That seems unnecessarily defeatist...? The behaviour of those elements is documented. If they're failing to respect parts of the GStreamer API, that's a bug in the element and it should be fixed there. If they're doing something less performantly than they should, that's also something that should be fixed in the element.
This has nothing to do with documentation, and the behavior of components when combined together isn't documented anyway. They can behave as they will, and all depends on the caps negotiation that happens between them and depends on their capabilities. The videoflip elements has specific video format requirements, and can very well end up causing suboptimal negotiation in the pipeline.
"Library code will run performantly" isn't the kind of thing that's really documented, no, but it tends to be a general truth regardless. If we find that a bit of library code isn't matching our needs, our first reaction should not be to assume we can't do anything about the library and abandon it. This especially in the case of GStreamer, who when I've worked with them have been very open to making changes to help consumers.
More concretely, if videoflip has poor performance because it doesn't support flipping e.g. RGB16, then we can add support for that to videoflip; it wouldn't even be hard. I don't know what the specific issue is here either, but I'd be very surprised if it's unsolvable.
Why is this any more the "right" way than using videoflip?
We are not doing any kind of frame flipping, but instead we are implementing buffers with negative strides. Providing stride information to GStreamer is the right way to tell about buffer stride. Using a videoflip element is an equivalent but convoluted way to do it.
Okay, I can see how DirectShow's negative stride convention maps conceptually to GStreamer's similar convention. At the same time, I have a hard time seeing a manual videoflip as wrong.
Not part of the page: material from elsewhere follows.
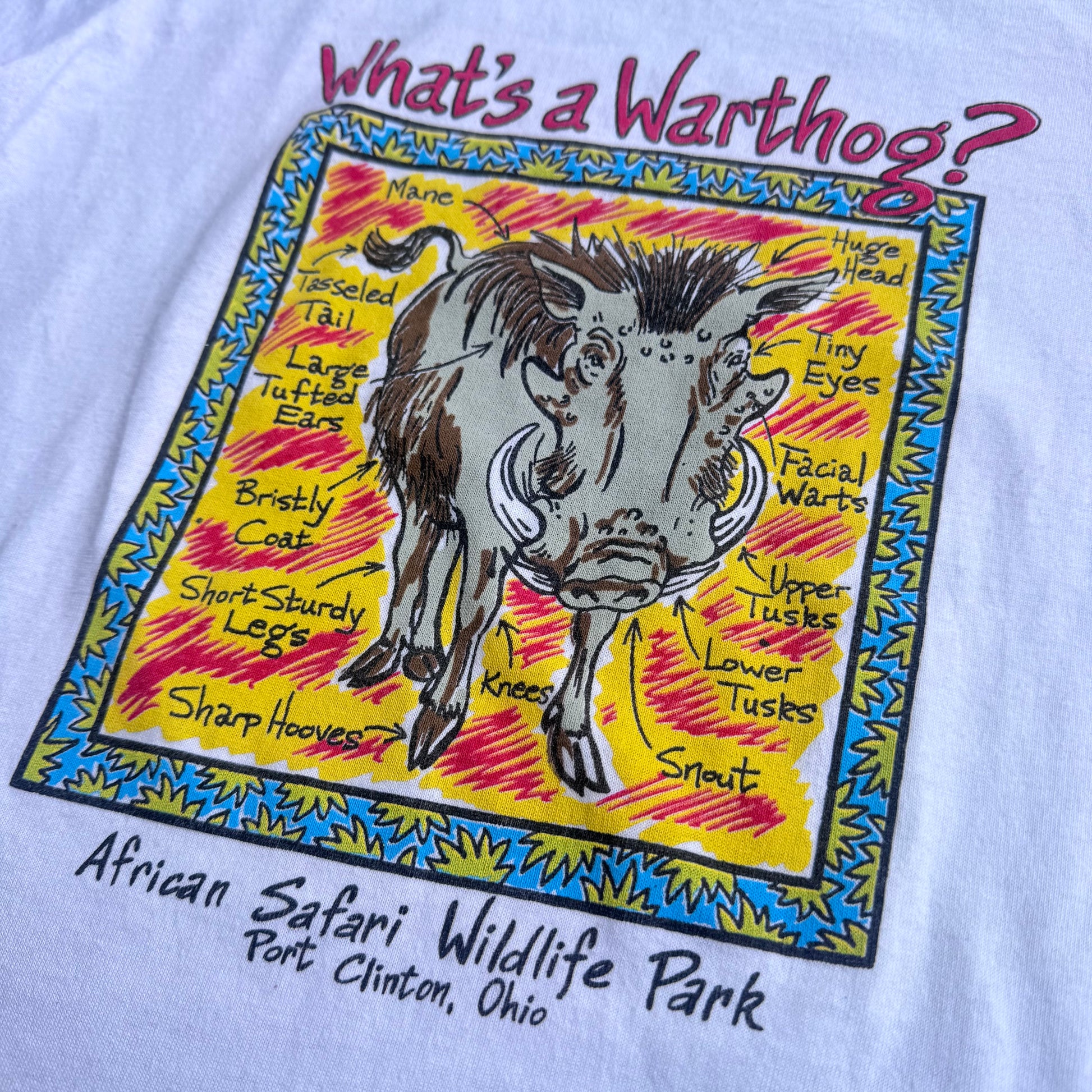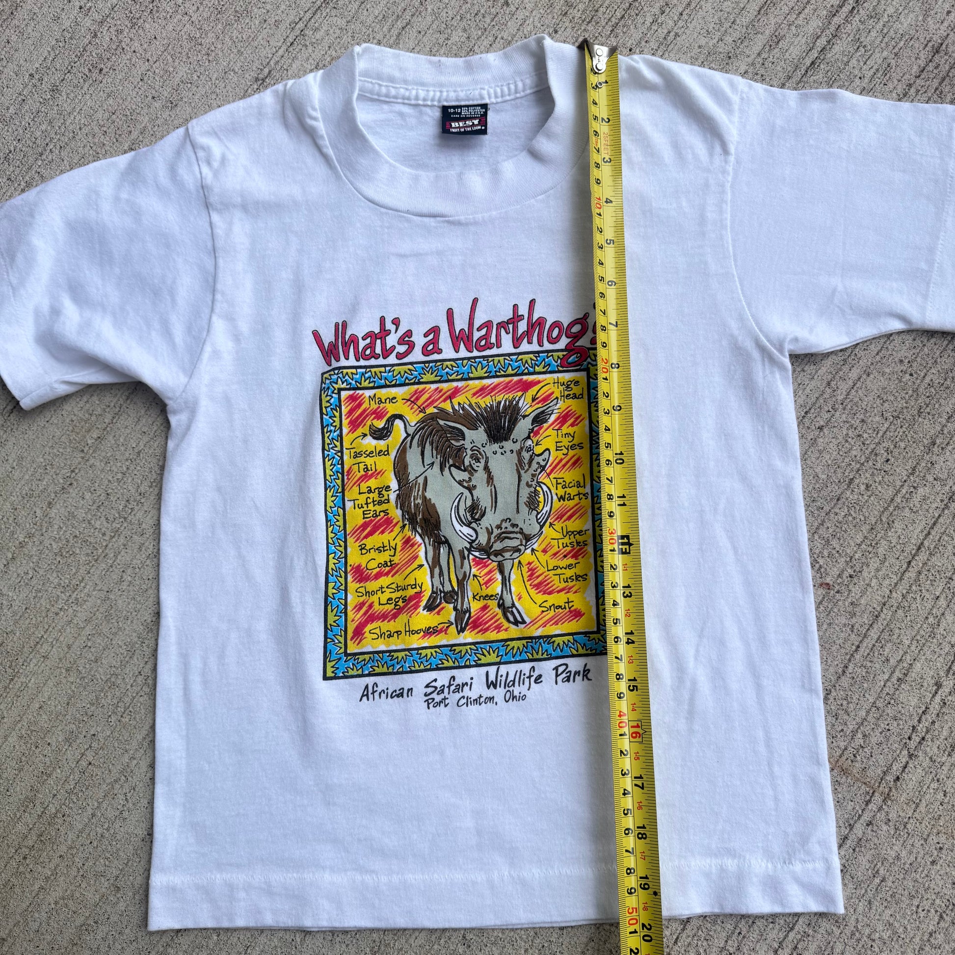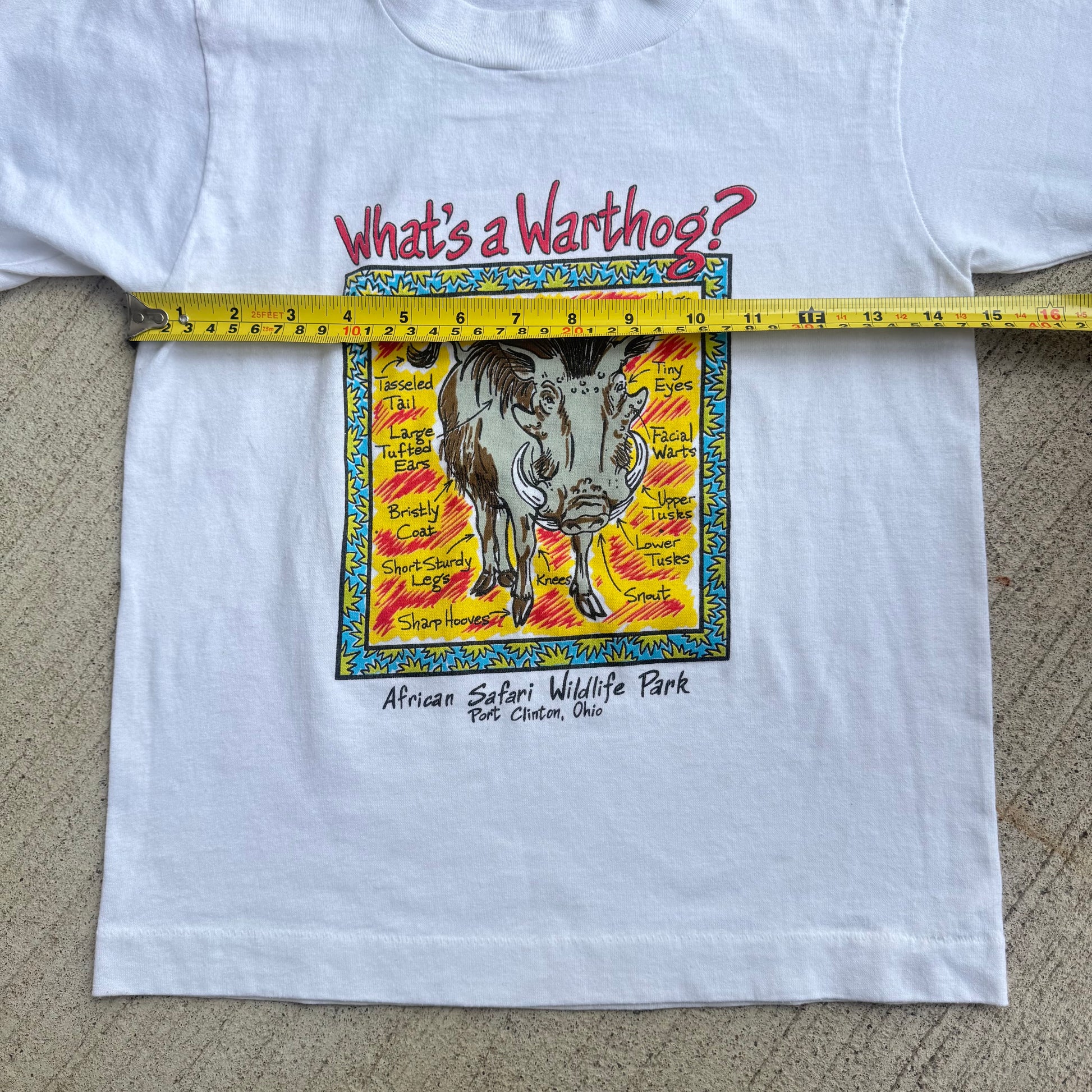 90s Kids Vintage What’s a Warthog? White 50/50 Single Stitch T-Shirt 10-12Y Baby Tee Made In USA

I also don't understand the bit about complexity. From a somewhat abstract level, code gets more complex and harder to work with when you add multiple _different_ interacting components. Having more of the _same_ component—in this case, adding more beads to a string of postprocessing elements—doesn't make anything harder to work with.
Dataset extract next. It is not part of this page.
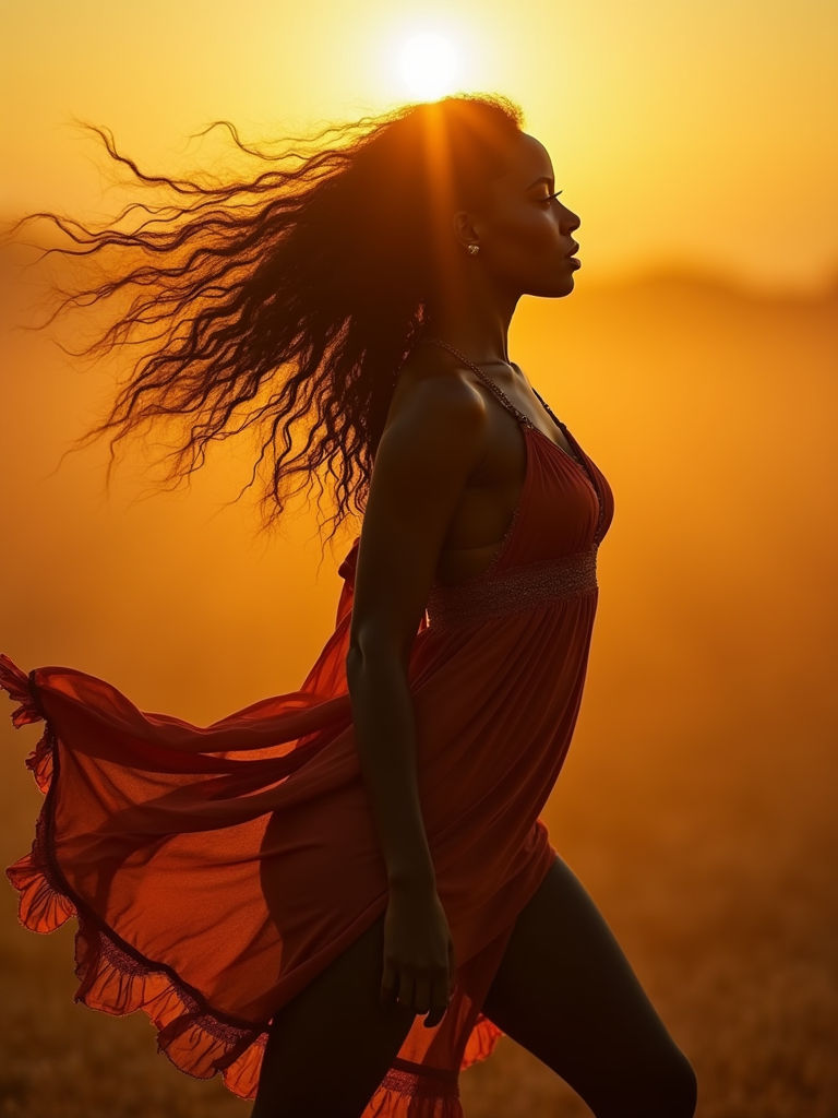 Full body golden hour portrait of model. Flowing outfit in warm light, sensual pose . Golden hour photography.

Of course it does, it increases the number of possible failures. Doesn't matter of the components are the same, the more you add the more complex it gets. And the worst part is that it's not components we have the source directly available, it's GStreamer components which are most often pre-built from the system distribution.
Take debugging of the current video processor pipeline for instance, you have three elements when we could have only one. The two videoconvert and videoflip are talking to each other back and forth to negotiate their caps. Decyphering the GStreamer trace to understand what is actually going on, and figure out in the end that somewhere in the middle of all these verbose traces, videoflip has decided to drop the pool it was provided by downstream element to use its own, _is_ way more complicated than it could be.
I'm sorry that you had some difficulty there, but I remain unconvinced that a string of three postprocessing elements is more complex than a single postprocessing element interacting with a custom buffer pool. Speaking from experience, I would find it more difficult to maintain and debug these two interacting components, than a string of postprocessing elements.
Even with this said, I'm not conceptually opposed to the idea of using stride, but the hoops we have to jump through to do it seem excessive. I'm not convinced it's better than videoflip.
And I must be missing something, because I don't see this situation tested in test_video_processor()? I only see tests where both the input and output have the same aperture.
There's one test which is fixed with this MR (well now that I've split the last patch, there's another one which is broken then fixed), and it is about using an aperture on input and no aperture on output. It fails before this MR, it passes after.
That test has the same actual aperture on input and output, though, i.e. the same content size, or am I misreading somehow?
And I still don't understand why the format that's passed to wg_transform_set_output_format isn't the format we store as transform->output_format.